We will not open a scope in the reactive Observation filter as it won't solve this problem. Your sample is using a simple, synchronous variant of a Controller handler, but using the same setup and logging from the pipeline (within a deferContextual for example) will not yield the expected result. The critical difference here is that executing a Controller handler method in WebFlux can be asynchronous - it sets up the reactive pipeline but nothing gets executed until the subscription happens. In the case of a reactive web application, this subscription happens on any or even multiple server worker threads.

I'm closing this issue as a result, pinging @marcingrzejszczak so that he can correct me if I said something wrong! Thanks!

marcingrzejszczak commented 2 years ago

I can add one more thing that setting scope in reactive (so putting in thread local) and closing out on finally can lead to the situation where observation is put in thread local for thread 1 but it's cleared for thread 2 (cause on finally would be called in thread 2). So we would be polluting thread number 1.

0x006EA1E5 commented 2 years ago

I think you're conflating observation scopes and traces.

Well, this is probably true; I am just trying to learn this stuff now, so apologies if I have misunderstood. :)

I think I follow you now, and see the issue.

I have had another look at this.
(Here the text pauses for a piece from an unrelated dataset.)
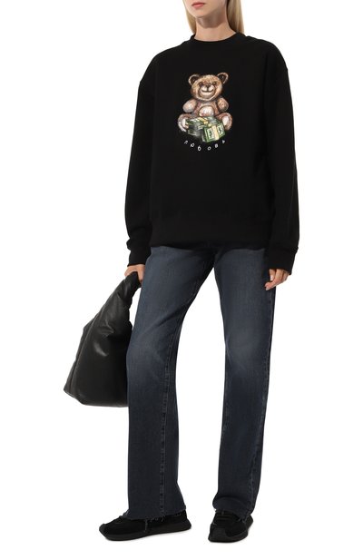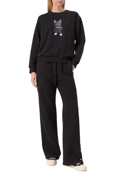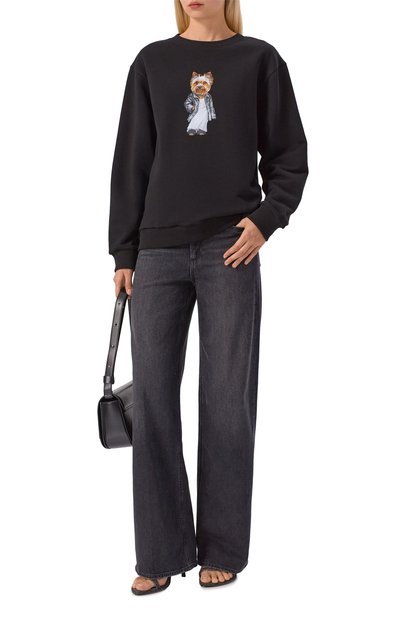 Свитшот свободного кроя сшили из хлопкового трикотажа, укрепленного полиэстером. Модель с манжетами, горловиной и поясом в рубчик украсили принтом с изображением таксы.
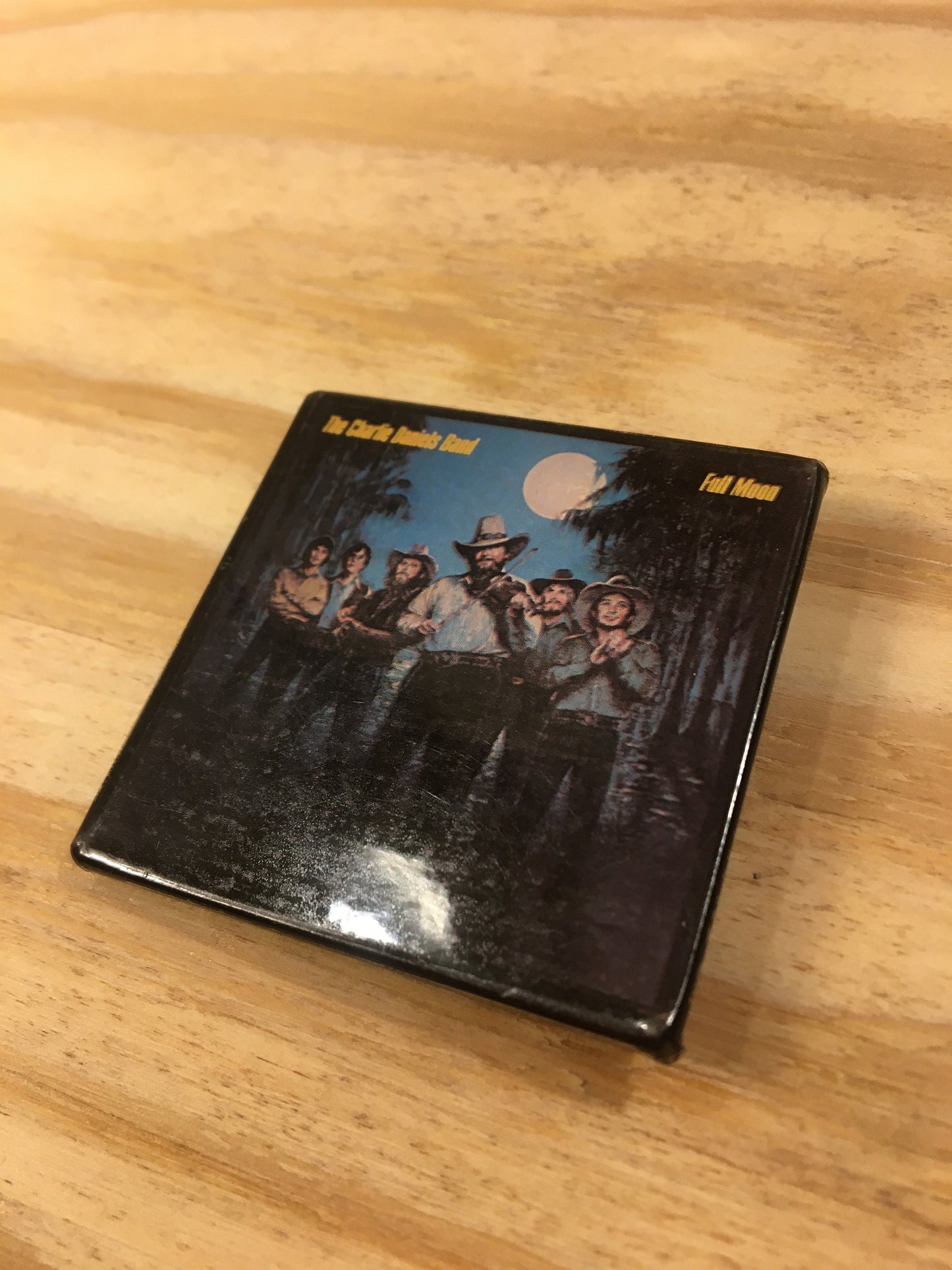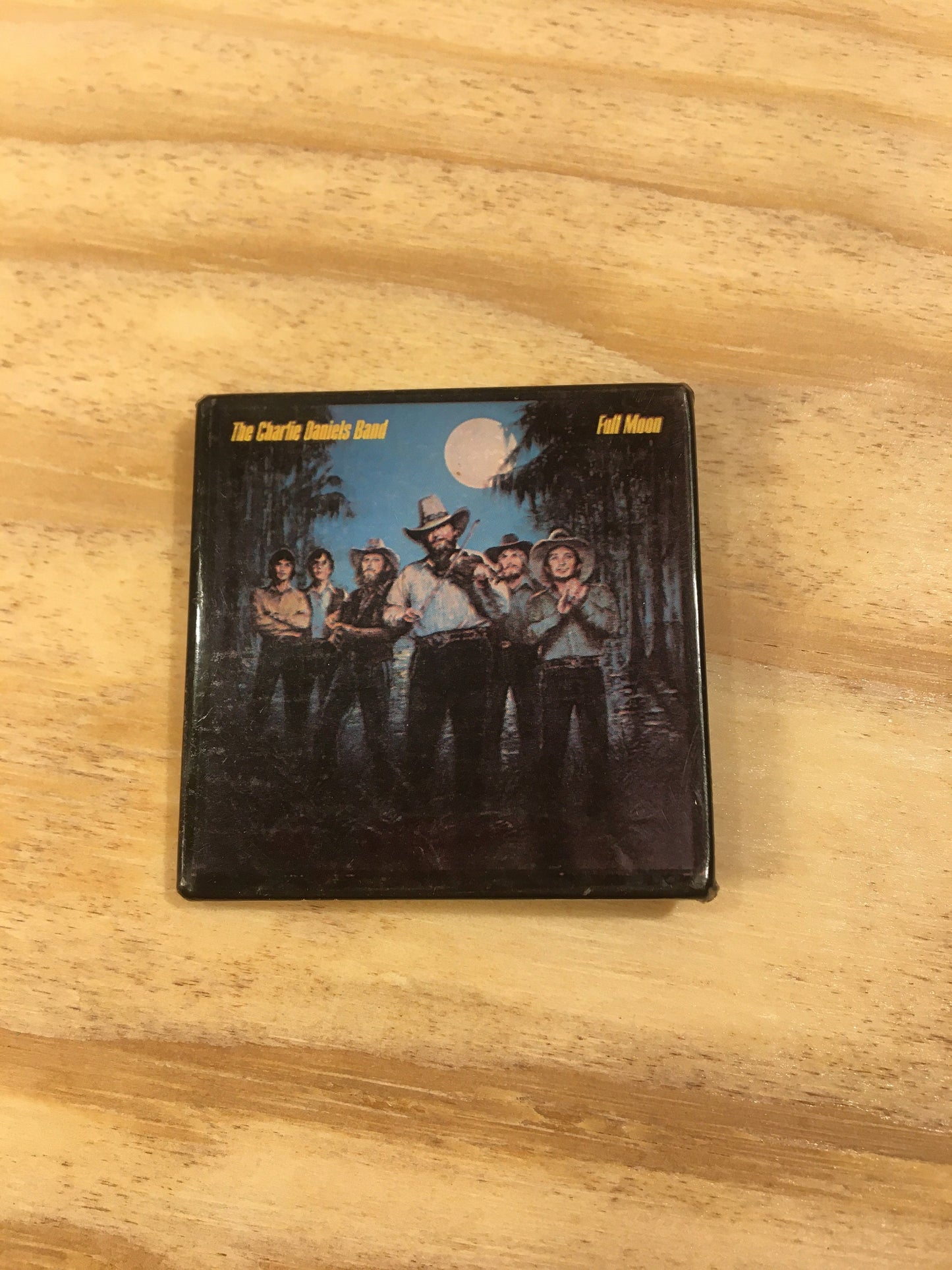 This vintage square pin looks like The Charlie Daniels Band Album for “Full Moon.”

It seems that it can be made to work using a Reactor Hook, to call ContextSnapshot.setThreadLocalsFrom around a Subscriber's onNext(): https://github.com/0x006EA1E5/spring-boot-3-reactive-trace-logging/blob/use-reative-hook/src/main/java/me/geales/spring/trace/logging/ObservationContextSnapshotLifter.java#L54

This seems to work well across multiple execution threads.

Would something like the above be problematic, perhaps from a performance point of view?

The thing with all this is, the initial problem statement remains: users will expect the Observation stuff to "just work". As it does in MVC, people will want it to work in a WebFlux app, e.g., if something writes a log deep inside the work of processing a request, it should have the trace info available.

It seems to me that expecting users to known about ContextSnapshot.setThreadLocalsFrom, and paste that boilerplate all over their code, is an unfortunate barrier to adopting "observability" in the Spring WebFlux eco-system 😿

So getting as much of this to work "out of the box" seems like a reasonable thing to expect, at least in Spring Boot.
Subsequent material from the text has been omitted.